The pictures in the listing below are to be skipped, while the lines between the line holding "3学年だより最終号(第10号" and the line holding "PHP, CSS and", inclusive, are to be output exactly.
Segment Start: DATA RECORDS
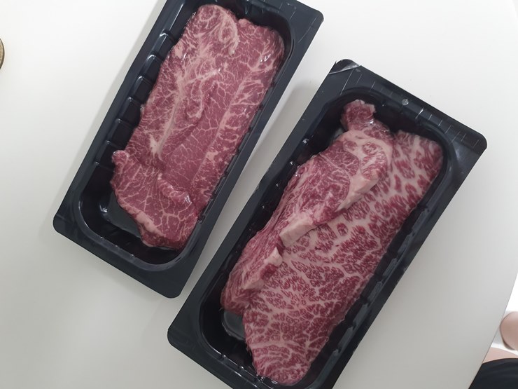 구성은 1+등급의 한우 등심 250g과 부채살 250g으로 이루어져있죠.
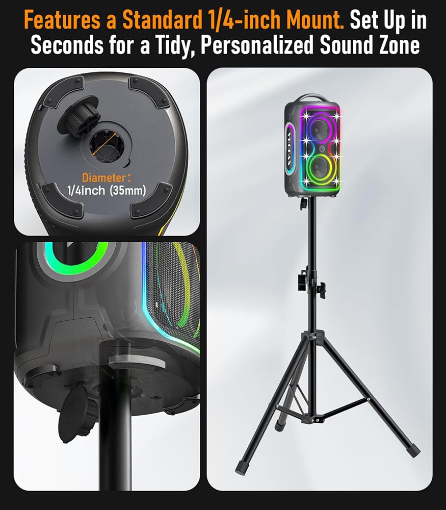 • 𝐆𝐨𝐫𝐠𝐞𝐨𝐮𝐬 𝐑𝐆𝐁 𝐋𝐢𝐠𝐡𝐭𝐢𝐧𝐠: مزود بنظام إضاءة RGB ديناميكي، فهو لا ينبض في الوقت الفعلي على إيقاع الموسيقى فحسب، بل يوفر أيضًا ألوانًا متعددة وتأثيرات إضاءة يمكن تعديلها تعديلها وتبديلها بحرية. اصنع مشهدًا احتفاليًا مليئًا بالحس التكنولوجي والحيوية بالنسبة لك، مما يعزز بشكل كبير الجو والجاذبية العاطفية للتجمع، مما يجعل حفلتك لا تُنسى!
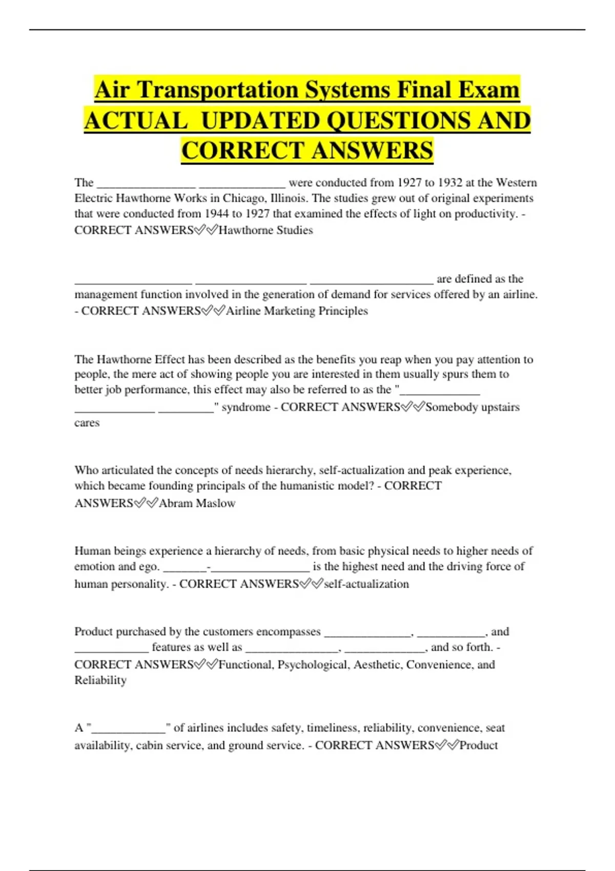 - CORRECT ANSWERS✅✅Airline Marketing Principles
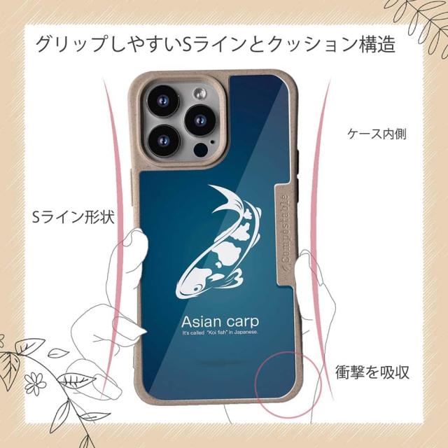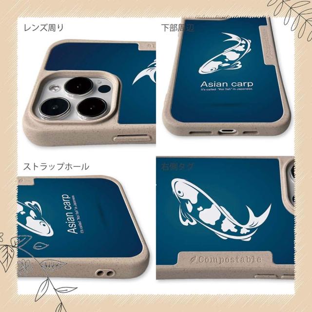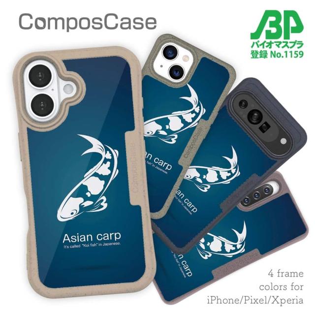 コンポスケース & 着せ替え デザインシート セット Google Pixel9a Pixel9 Pro XL Pixel8a Pixel8 Pro Xperia 10 V ケース 背面 生分解性 4色 釣り 魚 ルアー 錦鯉(アジアン カープ) ブルー
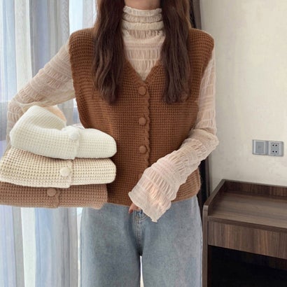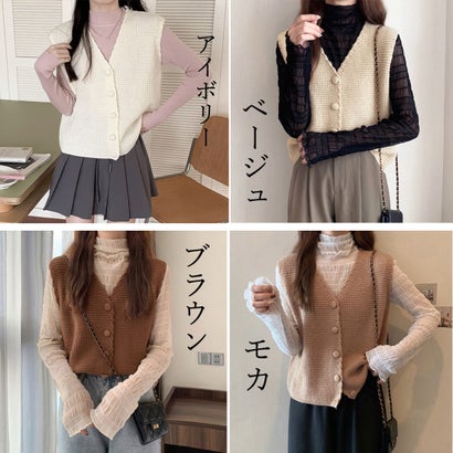 ニットトップス 前開き 韓国ファッション ボタン付き 重ね着 コーディネート かわいい カジュアル レイヤード 洋服チョッキ 春秋冬 着回し 通勤通学 ノースリーブニット大きく開いたVネックが顔周りをスッキリ見せてくれますボタンを開けてジレの様にご着用頂いても可愛いですブラウスやワンピースとレイヤードするコーデがイチオシです素材:ポリエステル75%+アクリル25%カラー:アイボリー/ベージュ/モカ/ブラウンサイズ:ワンサイズ着丈:約51cm 肩幅:約34cm 身幅:約42cm 胸囲:約84-110cm裏地:なし伸縮性:あり透け感:淡色のみややあり
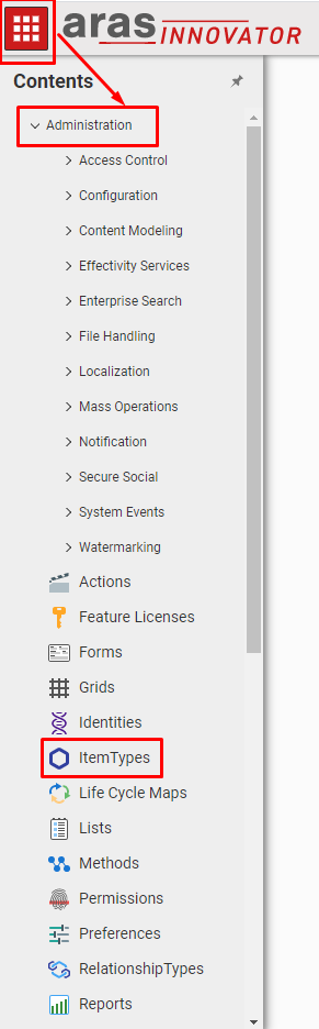 2. Navigate to **Administration → ItemTypes**. Refer [Check Administration Tab](#check-administration-tab) to learn where to find Administration tab.
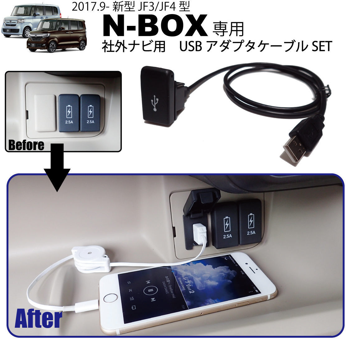 > ホンダ新型N-BOX(JF3/JF4)専用 社外ナビ用USBアダプタケーブルSET USBジャック追加に HONDA NBOX ナビ取付けキットと一緒に
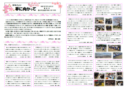 3学年だより最終号(第10号)をアップしました。内容は、「明日、卒業するみなさんへ 3年生の先生からのメッセージ」です。思い出の写真も添えています。ぜひ、ご一読ください。
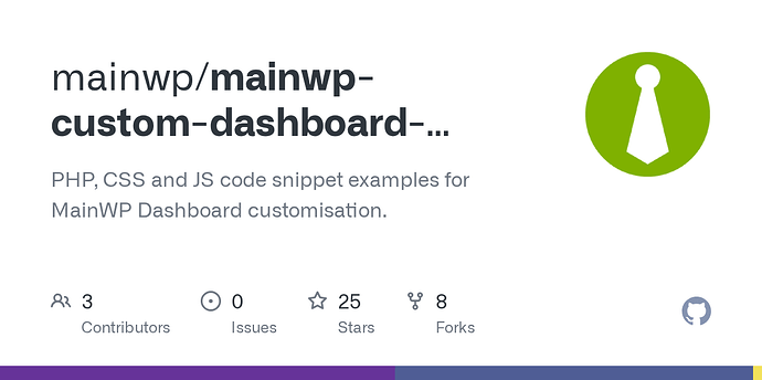 PHP, CSS and JS code snippet examples for MainWP Dashboard customisation - examples including how to move the button to the top of the menu stack (under PHP):
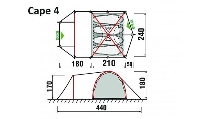 Green Land Cape 4 комфортная четырехместная палатка для кемпинга или автотуризма. Один из тамбуров увеличенного размера, высота позволяет встать в полный рост.
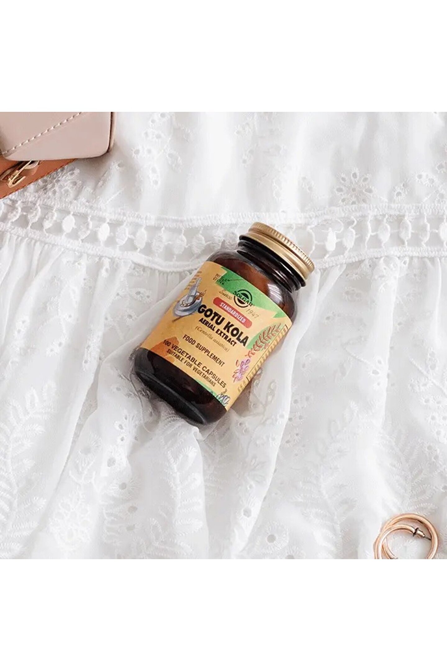 Gotu Kola Aerial Extract Standardize Gotu Kola Toprak Üstü Ekstresi Gotu Kola bitki ekstresi içeren takviyedir.; Bütün bitki ile birlikte standartlaştırılmış özü içerir.; Standardizasyon, sabit miktarda aktif içeriği garanti eder.; Solgar® Standardized • Full Potency™ (SFP) Bitkiler, hem geleneksel bitkicilik hem de standart bitkisel teknoloji ideolojilerini birleştiren benzersiz bir süreçle geliştirilmiştir.; Tutarlı ve güvenilir bitkisel besin seviyeleri sağlamak için, bu önemli aktif bitki bileşiklerinin kontrollü bir miktarını izole ediyoruz.; Ardından, bu gelişmiş, "standartlaştırılmış" bileşikleri, bitkinin tamamında doğal olarak bulunan tüm bileşenlerle harmanlıyoruz.; Sonuç, doğada bulunan tüm sinerjik ve faydalı niteliklere sahip, güçlü, üstün kaliteli standartlaştırılmış bitki özüdür.; Yetişkinler için, tercihen yemek zamanı, günde bir-üç (1-3) kapsül.; Bol su ile alınız.; Her bitkisel kapsülde Standardize Gotu Kola Toprak Üstü Ekstresi (Centella asiatica) 100 mg Sağlanan: Triterpen Glikozitleri [6%] 6 mg
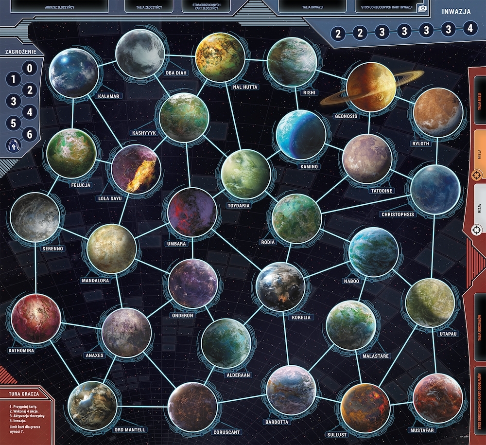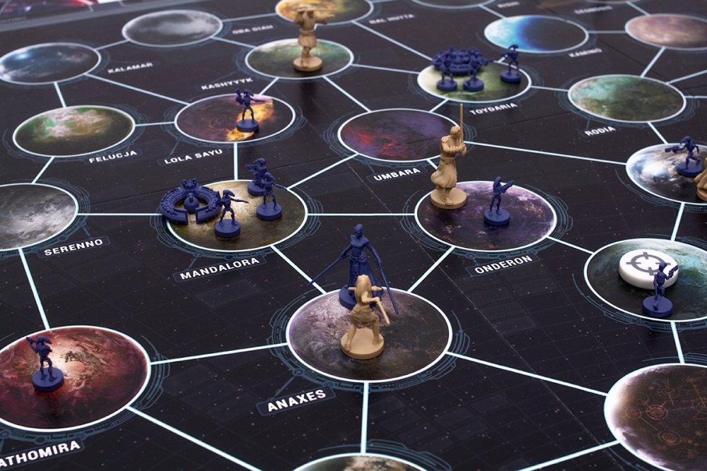 - W każdej turze gracz może wykonać do 4 akcji, wśród których jest przemieszczanie się między planetami, walka z napotkanymi wrogami i wykonywanie rozsianych po kosmosie misji. Zebrane na kartach oddziały oraz celne rzuty kością pozwolą Wam na sprawne realizowanie zadań.
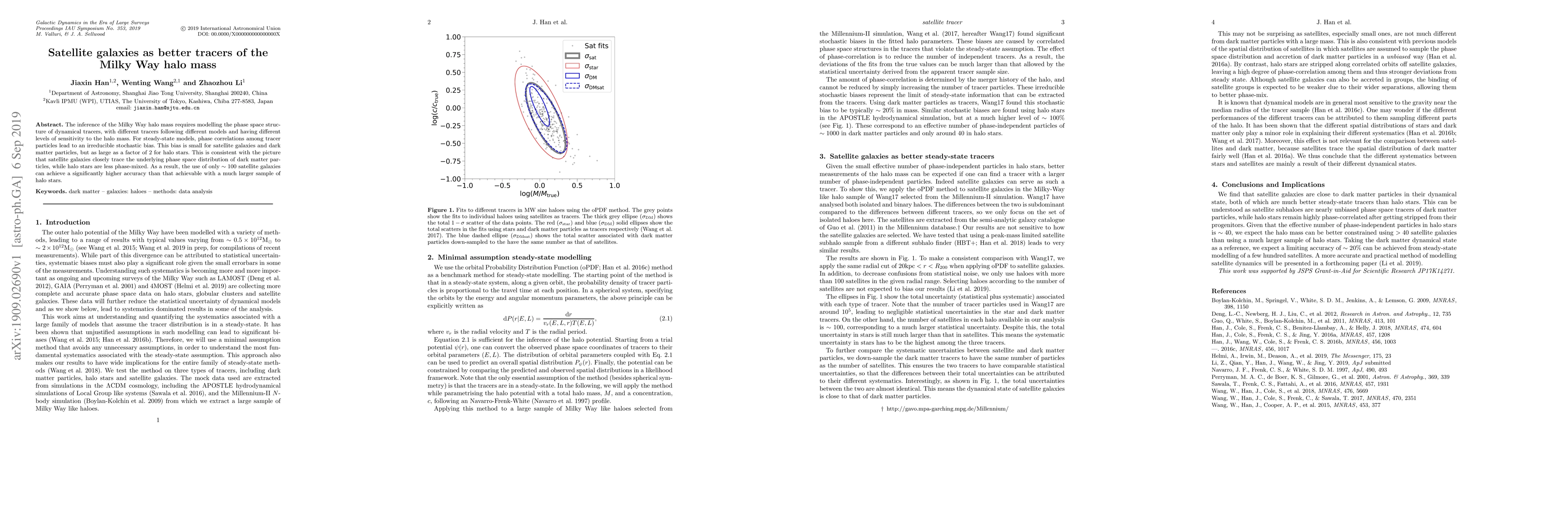 This paper argues that satellite galaxies provide a more accurate tracer for estimating the Milky Way halo mass compared to halo stars due to their closer alignment with the phase space distribution of dark matter, resulting in a smaller bias and higher accuracy despite their smaller sample size.
Segment End: DATA RECORDS
▸ **RESULT OF THIS EXERCISE**:
 3学年だより最終号(第10号)をアップしました。内容は、「明日、卒業するみなさんへ 3年生の先生からのメッセージ」です。思い出の写真も添えています。ぜひ、ご一読ください。
 PHP, CSS and JS code snippet examples for MainWP Dashboard customisation - examples including how to move the button to the top of the menu stack (under PHP):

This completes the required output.